Punning is accomplished manually in Protege by copying an existing class URI into the “Create a new Named individual” form, with the “new entity options …” set to expect a user supplied name. This preserves the same identifier for both class and individual. As well, Protege, when opening a file and encountering an object property with an instance reference at one end and a class reference at the other, will automatically create an instance for the class, and give it the same ontology URI identifier. This eliminates reasoning errors that would otherwise arise, but also means you may end up with namedIndividual instances you didn’t manually create. A TRUE CHARACTERIZATION ???

The target could be expressed simply as “has specified value only xsd:anyURI”, thus allowing values like xsd:anyURI right-handedness but this then requires some validation mechanism external to an OWL reasoner for limiting categorical values.

Categorical string choice

If a string must conform to a smaller set of choices, and nothing more needs to be axiomatized about each choice, then this can be accomplished with a value specification that is both string and categorical. The value specification has a ‘has specified value’ component which uses a regular expression to enumerate the permitted strings. Note that in this approach one cannot easily provide other information (label, description) about choice in a user interface.
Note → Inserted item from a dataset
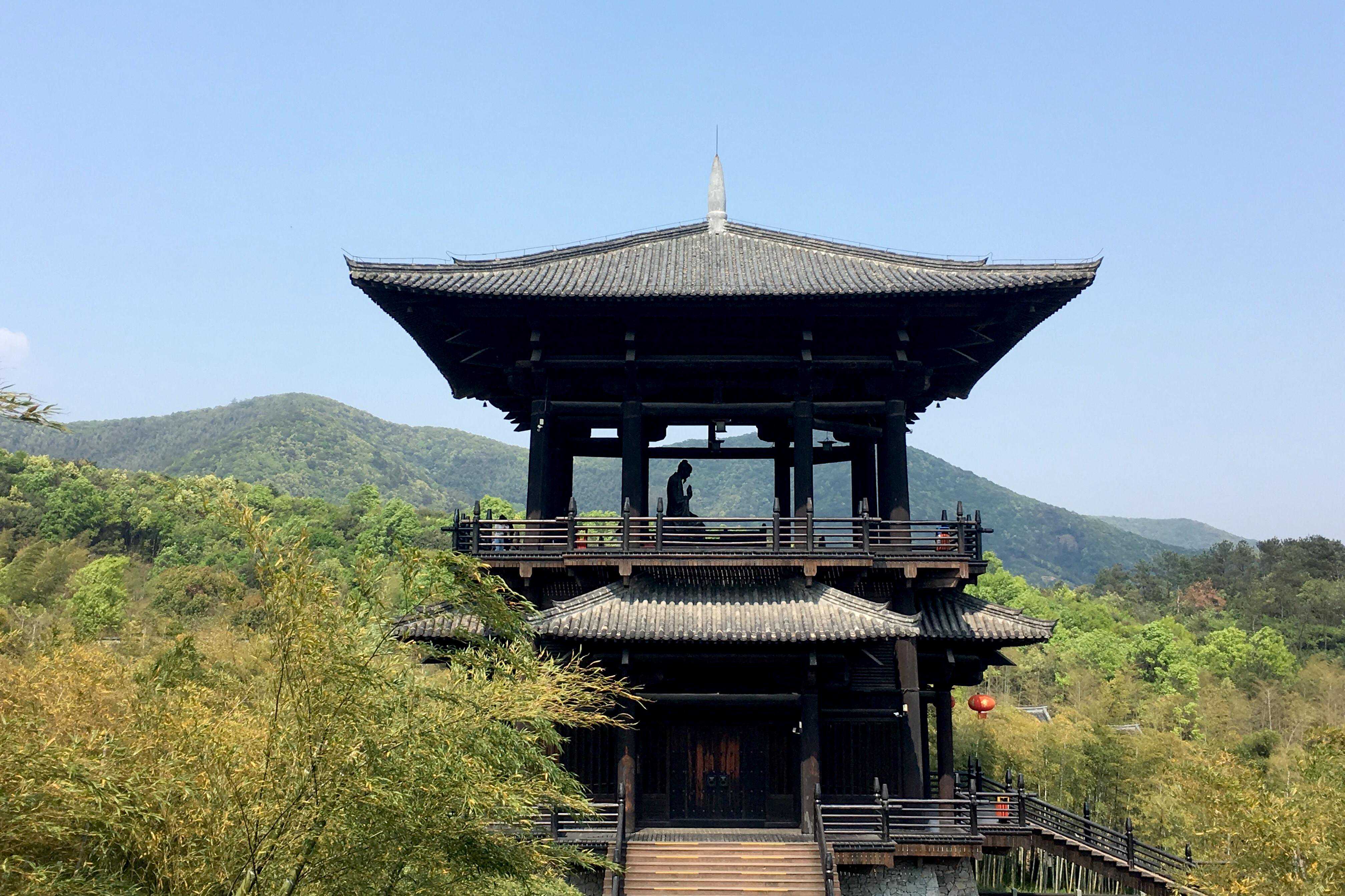 重建的大唐贡茶院,现在已经没有制茶的功能,主要是一处可以观光与喝茶的景点(门票包含茶券)。周围群山错落,翠竹层叠,登上纪念茶圣的陆羽阁,可以俯瞰整个顾渚村。

For example, an “E-coli K antigen value specification” can be represented as:

Class: 'E-coli K antigen value specification'
    subClassOf 'categorical value specification'
    subClassOf 'specifies value of' only 'K antigen'
    subClassOf 'has specified value' only xsd:string[pattern "K(1|2a|2ac|3|4|5|6|7|8|9|10|11|12|13|14|15|16|18a|18ab|19|20|22|23|24|26|27|28|29|30|31|34|37|39|40|41|42|43|44|45|46|47|49|50|51|52|53|54|56|96|55|74|82|84|85ab|85ac|87|92|93|95|97|98|100|101|102|103|X104|X105|X106)"]]

This allows a reasoner to raise the unsatisfiable alarm when an instance of E-coli K antigen value specification has specified value ‘K17a’.
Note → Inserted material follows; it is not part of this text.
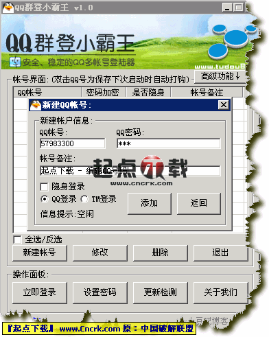 + QQ密碼使用MD加密處理,從新建QQ帳號(hào)信息后你的QQ密碼就已經(jīng)加密處理,可達(dá)到QQ防盜效果!
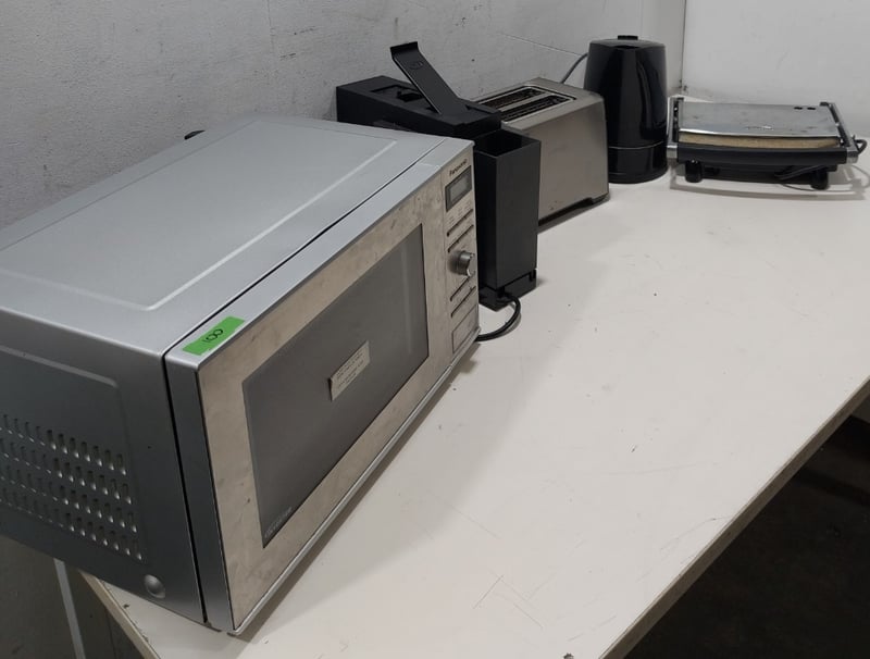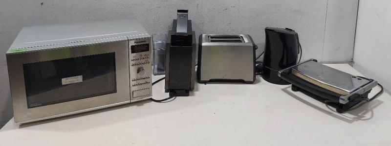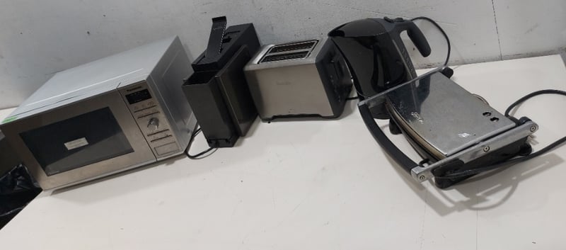 Appliances - Including Kettle, contact grill, toaster, microwave oven, capsule coffee machineNote: item is untestef, signs of wear.

One can potentially leave the classes has specified value axiom out, in which case validation enforcement would need to occur outside the OWL reasoning context. (This is especially true if the computation load of validation by reasoner is too high.)

Note that in the past OBI used/tried categorical measurement datum for enumerating categorical choices, with a has category label object property (see OBI’s existing handedness value specification example), but this class and relation is being discouraged.

Ordinal Variables

OBI does not currently have a recommendation about how to define an ordered categorical variable. A ranking data property for each choice could be used; or potentially previous/next relations could be established between choices.

“Other” values

A qualitative survey question may canvass users for an open-ended response if the given selections are inadequate or should be elaborated on. OBI would require a separate has string representation to capture this input, as it would need to be evaluated for its categorical or numeric potential.

Other approaches

Other ontologies might use their own object properties, which OBI avoids (see reasons).

Here has phenotypic sex would be an object property - a subclass of has quality - existing between a BFO independent continuent entity (the bearer) and a specifically dependent continuent that is about an organism’s sexuality. The quality is represented as a categorical value. The range of has phenotypic sex can be constrained to PATO phenotypic sex.

Other ontologies may allow a string value (or number code) via a data property, as shown below. One could add a regular expression to validate a string to match possible values of a categorical variable as in above E-coli K antigen example.

Here has phenotypic sex is a data property existing between a BFO independent continuent entity (a physical organism) and a string literal code representing its sexuality. For axioms to work reliably with these values, the literals must be normalized to categorical values of sexuality.